The next day I felt better again, and I gradually adapted to the meds and felt more myself. I noticed some fuzzy head type sensations during the evening, in the hours after taking Clomid but apparently it can affect mental alertness, so I think that it is normal.

So here I am, CD14 and waiting for the main event, the reason for taking this crazy Clomid. Nothing. Yet. No sign of ovulation. Yet. I’m starting to get impatient because as I ovulate anyway, I was hoping it would make me ovulate in a more normal length of time and iron out a few irregularities. Oh come on body! My emotions went to hell and back in a day to help you out. Ovulate, damn you!

It’s your Clomid Day!

Two years on this rollercoaster of a journey has brought us to today. Clomid day! Having wept my torrent of tears for last cycle’s end, and endured one of my worst ever periods, I swallow the tiny white tablet with some … excitement? Dare I even feel that emotion? Could this be what we have needed to help us along?

I remember two years ago, almost to the day, beginning the first cycle on which we had decided to try to conceive a second little person. Having had no issues getting pregnant with my first miracle (a few months in the making), we entered that cycle with excitement and no anxiety about our fertility status. I remember the anticipation of the two week wait, analysing every little symptom and believing it could be THE sign. I knew it might not happen that month, but I knew it would happen. It didn’t. Obviously.

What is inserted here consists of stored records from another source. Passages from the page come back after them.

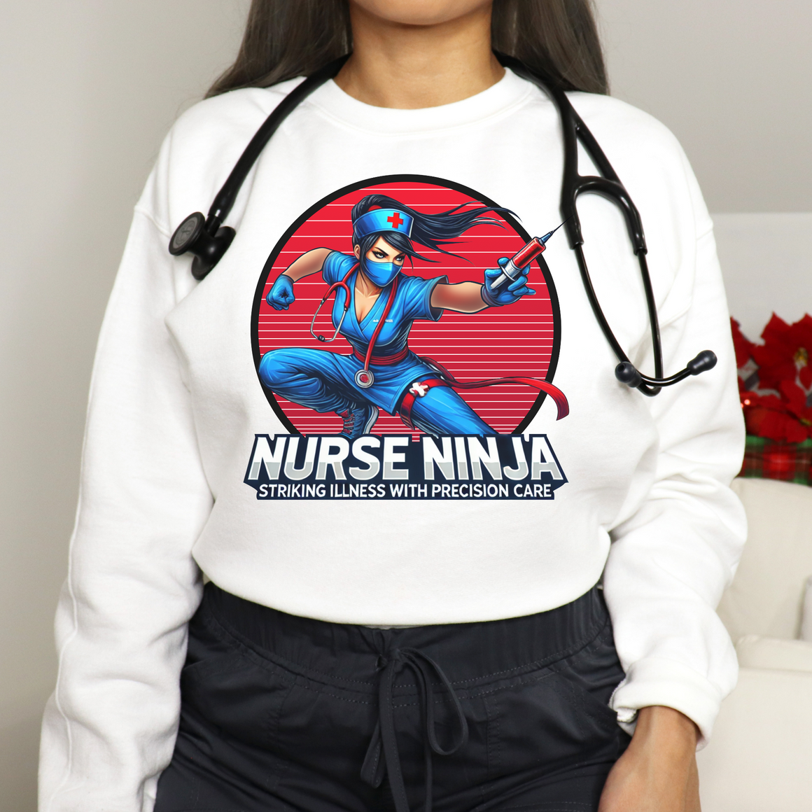 Whether you're on the front lines or enjoying your day off, the Nurse Ninja Crewneck Sweatshirt is the perfect way to showcase your strength and dedication. Order yours today and join the ranks of healthcare's elite!
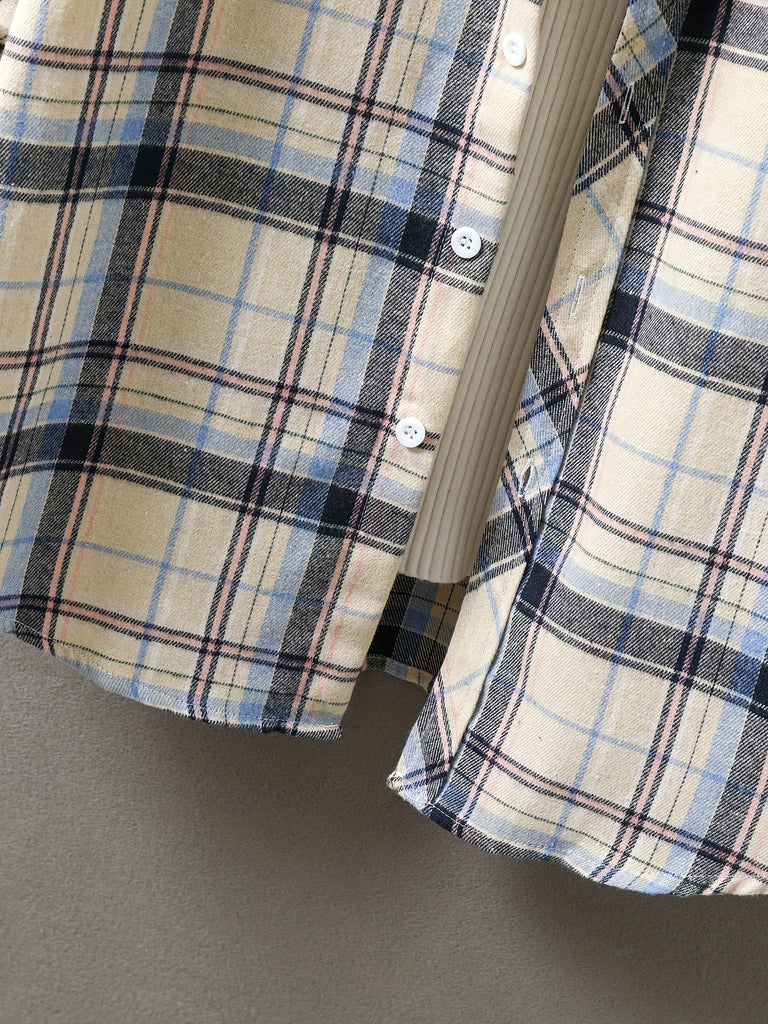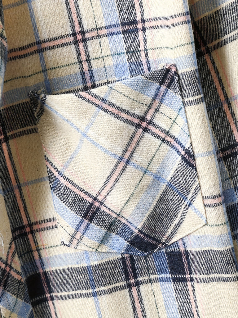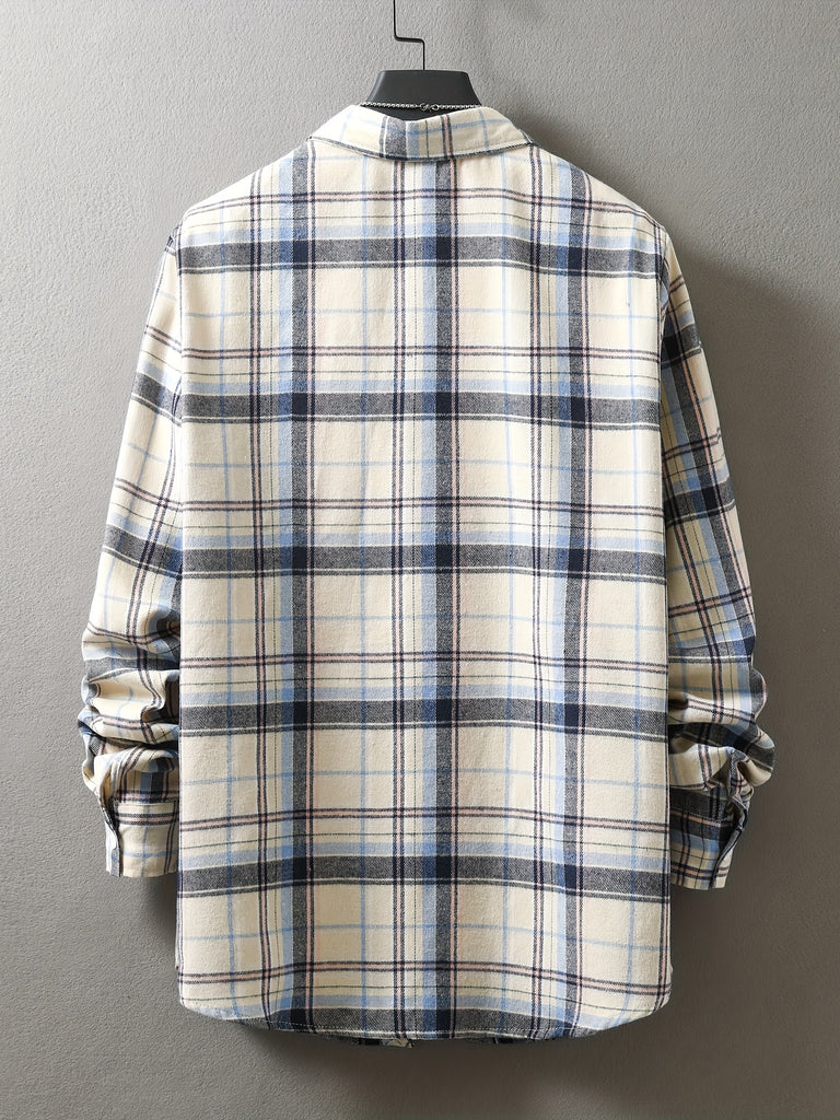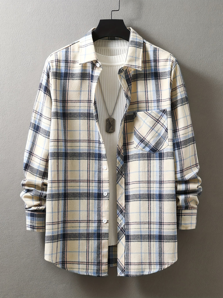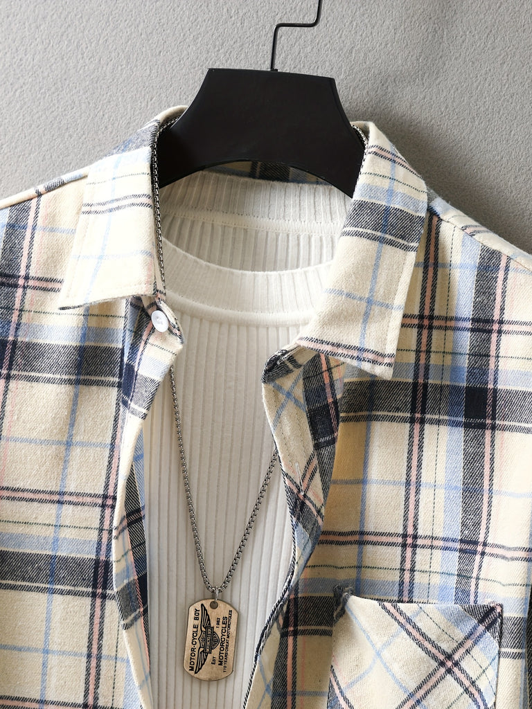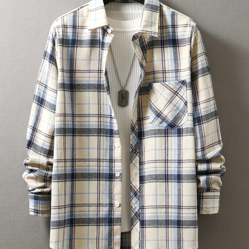 kkboxly Men's Plaid Turndown Collar Chest Collar Long Sleeve Shirt, Trendy Comfy Shirt For Spring Autumn
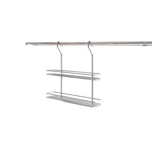 Závesná polička dvojposchodová VARIELLA o rozmere 30 x 12 x 42 cm, je vyrobená z pochrómovaného kovového drôtu, vhodná napr. na uskladnenie koreničiek.
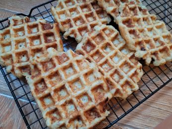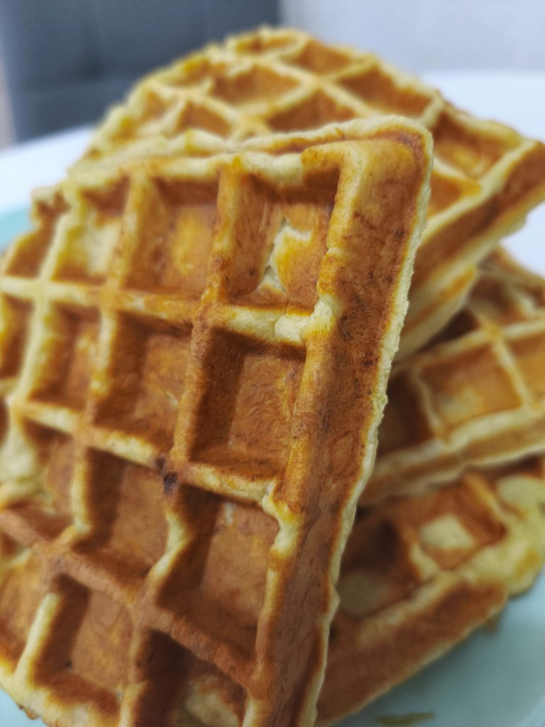 Из указанного количества ингредиентов получается 7–8 вафель 10×10 см.
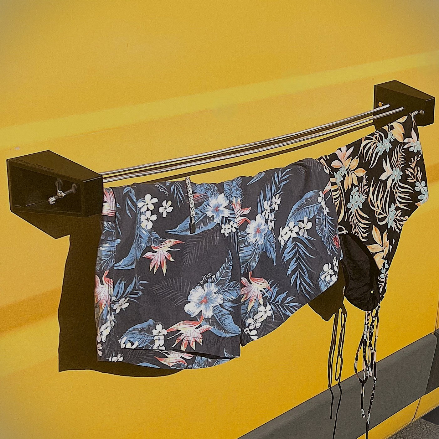 Étendoir aimanté de 80cm de largeur avec 3 rangées pour van / camping-car. Séchez facilement tous vos vêtements avec cet étendoir pratique et compact. Cet étendoir est destiné aux vêtements légers tels que maillots de bain, t-shirt, shorts etc, merci de privilégier le support 4kg ou 6kg pour sécher des pièces lourdes telles qu'une combinaison.
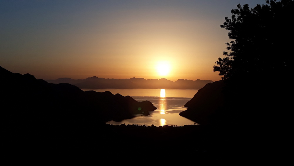 Continuing on, I made the last push to the cemetery. After there, the road flattens as its heads out around the hillside, rising steeply only now and then. Along that way, you pass the enclosure where my friendly goatherd keeps his pens, and that morning, he was among them doing some paperwork. I assume that’s what he was doing as, I noticed, he now has an office desk and a chair in the enclosure, and he was sitting at it. He looked as if he was about to interview a kid for an apprenticeship or give Old Billy his final warning. Perhaps he was about to interview a nanny; who knows? We exchanged waves, and I decided against taking a photo as it would be rude, and carried on. Around a corner, along a gentle rise, past Yianni’s house high on the hill to the next bend, where I paused to sip some water and watch the bay light up in gold.
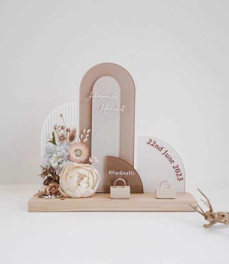 Personalized Acrylic Wedding & Event Name Plate – Floral Multi-Arch Design

Every one of the 19 cycles since that very first, have each stripped away a little bit of positivity. Each month it is harder to keep that light of hope burning. The image of holding another child of our own fades. Now I fight internally with my inner voice to believe it is still our destiny.

The two week wait has become a torturous time, in which I hope but also feel afraid to hope. Where my conscience hears my prayers, and snorts, “Don’t be so stupid as to think this is it”. Where my body seems to smirk cruelly, as it gives my mind a glimmer; enough pregnancy symptoms to hold on to a slither of hope. And when it becomes clear that it was all a trick, I feel so naïve to have believed, even just a little bit.

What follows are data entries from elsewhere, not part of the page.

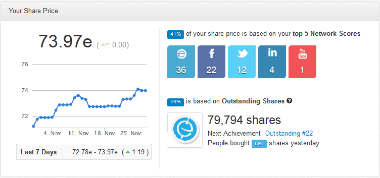 The first thing you will probably notice is the “Your Share Price” box. Your current Share Price is listed in bold print at the top left of the box directly above a graph which shows any fluctuations in your Share Price over the last 7 days. The right side of this box now displays how your Share Price is calculated. Your top five Network scores, and the percentile that they contribute to your Share Price are listed at the top right hand side of the box, and directly underneath that are your Outstanding Shares, along with the percentage that they contribute.
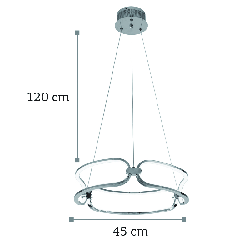 Πρόκειται για ένα χρώμιο κρεμαστό φωτιστικό κατασκευασμένο από αλουμίνιο. Στο εσωτερικό του υπάρχει λευκή ακρυλική επιφάνεια που καλύπτει τον led φωτισμό απόχρωσης φυσικού χρώματος. Η ανάρτησή του είναι ρυθμιζόμενη ώστε να προσαρμοστεί σε κάθε χώρο.
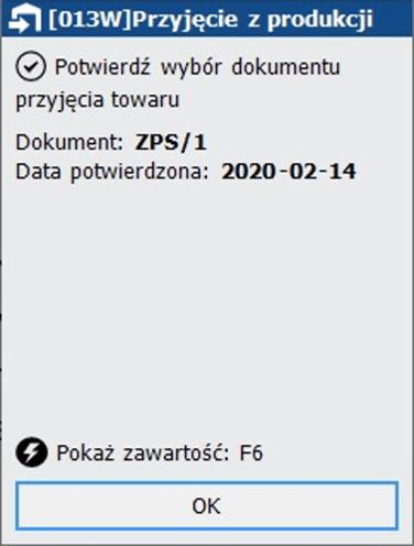 W kolejnym kroku potwierdzamy wybór dokumentu ZPS. Jeśli chcemy podejrzeć zawartość dokumentu awizo, możemy skorzystać z klawisza F6.
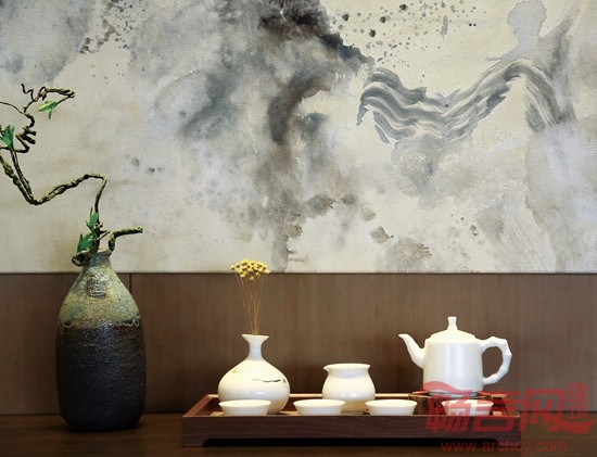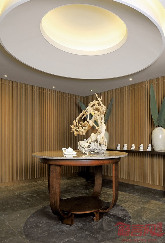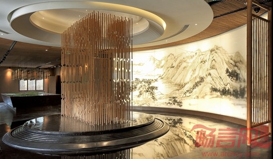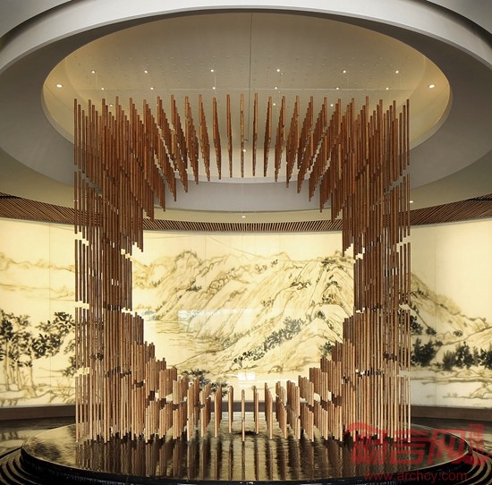 入口处主题艺术装置为该空间设计的精神堡垒,天然竹节通过透明鱼线串联组合成了一个“天圆地方”,透过中心孔洞,后面是一幅由天然材质拼贴而成的、气势磅礴的巨幅水墨山水画,在底下薄薄一汪清泉缓缓涌动下如梦如幻;清风过处,水波浮动,连同联接天地的管竹相互共鸣……在这静谧的氛围中,仿佛置身于那山、那水、那片竹林之间,“禅”便是在此了。
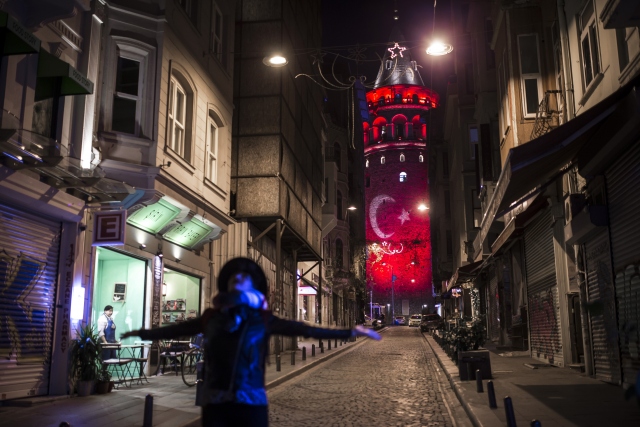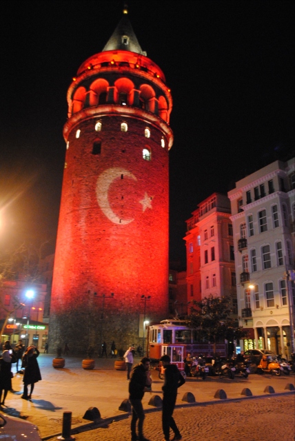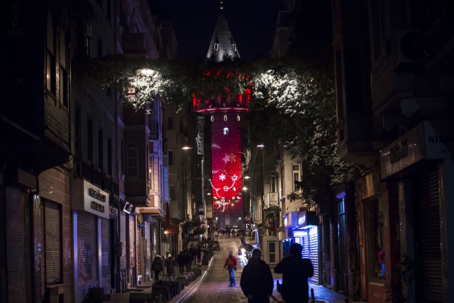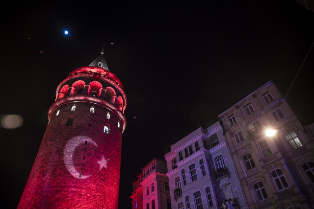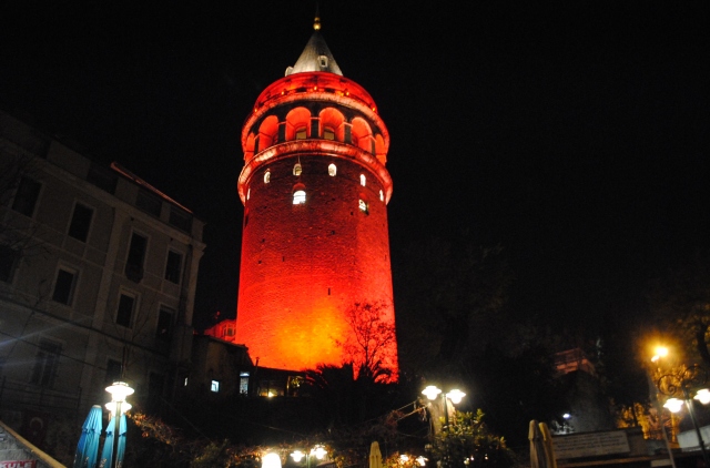 İstanbul'daki terör saldırısına tepki için Galata Kulesi'ne Türk bayrağı yansıtıldı. İstanbul Büyükşehir Belediyesi şirketlerinden Enerji A.Ş. tarafından yapılan aydınlatmayla Galata Kulesi, kırmızı beyaza büründü.
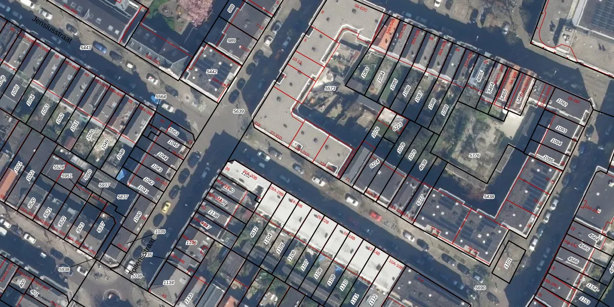 Het perceel waarop Jensiusstraat 25-B staat heeft een oppervlakte van 1428 m². Dit is een zeer groot perceel. De perceeloppervlakte wordt geregistreerd door het Kadaster. Gedetailleerde informatie over de maten van dit perceel kunt u vinden in het rapport Kadastrale kaart met maatvoering van Jensiusstraat 25-B.

But this cycle, we are doing something totally new. I’ve done acupuncture (which I will write about another time), I’ve taken supplements and I’ve tried old wives tales. This month I take a step into the realm of fertility meds. And with that comes more hope than I have felt in a long time. I’m still afraid to hope. I’m still afraid my body won’t do what nature intended. The negative side of myself says it will be just my luck to fail to conceive this month too even with Clomid. But I must push those thoughts away. This is a step forward. A “normal” cycle length should happen as opposed to my irregular ovulation days and therefore cycles anywhere between 30-50 days. Predicting fertile days won’t be such a long, tedious wait. Clomid may just help any slight hormonal abnormalities that I believe could be one of the reasons for our “infertility”. Clomid may give me a ‘stronger’ ovulation (whatever that means?).

And so, I will centre myself. I will treat myself kindly. I will take on a Zen like state. I will take my Clomid, and hold on tight again for yet another rollercoaster month. Wish me luck. It’s my Clomid day!